Grower Phil Andrewes, who made the amendment, advised other growers to stay the course and work toward eradication (which is now within sight) in hopes the new federal Conservative government could make more compensation money available.

“A lot of tax money is committed to the program and it is not in their (government’s) best interest if the auditor general made light of it,” Andrewes, a former Ontario Progressive Conservative cabinet minister said. He said the federal government “hasn’t the balls” to stop funding a program that is now on the threshold of eliminating PPV in Canada.

Massive mandatory pullouts were predicted over the next two years to eradicate PPV, a virus that isn’t a public health risk but is of particular concern to fresh market growers because of the blemishes it causes on peaches, nectarines and plums. Left unchecked, it reduces the sugar content of the fruit and causes it to fall from the tree prematurely, a concern to growers supplying both the fresh market and processors.

“It’s revolved on us,” said OTFPMB chair Len Troup. He’s been the board chairman since PPV was detected in 2000 and has, over the years, urged growers to stay the course set by the CFIA for the good of the industry.

The disease is believed to have come from Pennsylvania 10 years earlier and spread through budwood grown in Ontario that was being used to speed up plantings of peach varieties for the growing processing industry. 

“Growers have to be disappointed by changes that took us by surprise,” Troup said, adding that it’s unfair to treat growers unequally in regards to compensation.

Twelve growers who questioned the CFIA’s science on what part aphids play in spreading PPV have particular reason to be upset. They could have removed orchard blocks (800 trees) last fall and been compensated for lost income.
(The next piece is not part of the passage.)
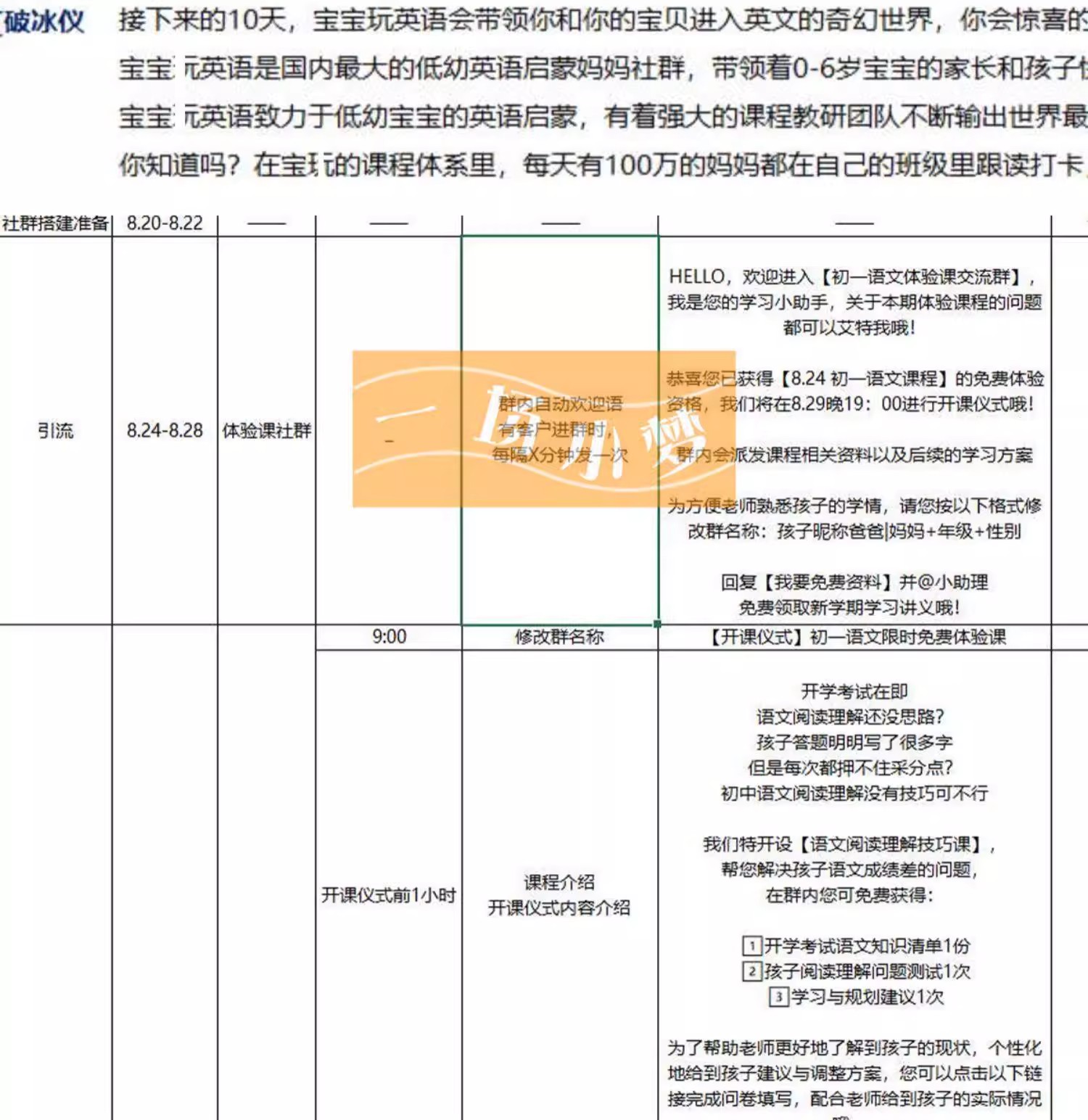 教育社群活动裂变转化运营预热话术标准操作流程SOP文档线上线下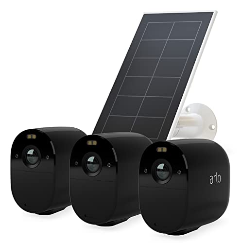 Arlo Total Protection Pack Bundle | Essential Spotlight CCTV and Solar Panel Charger | 3 Camera System & Solar Panel Bundle, black (VMC2330B & VMA3600B)

Instead, they removed only infected trees and asked the CFIA to test the wood of each tree to see if PPV had jumped to neighbouring trees.

Of the 31,232 trees tested in 57 orchards, 185 new positives were found. Thirty-nine orchards had one or more trees that tested positive; 15 were found to be clean, and three were still suspect.

“Those with the 15 clean blocks had to be happy,” Troup said. But they could be the same growers who also had one or more trees that tested positive in other blocks.

Two years ago, the federal government committed $85 million over seven years with the belief the money was more than enough to pay both compensation to growers and for extensive leaf testing each year. Up until Phase 2 funding was announced, the CFIA had been leaf testing to get a handle on the disease. In order to be declared eradicated, there has to be three years of leaf testing without finding any infected trees.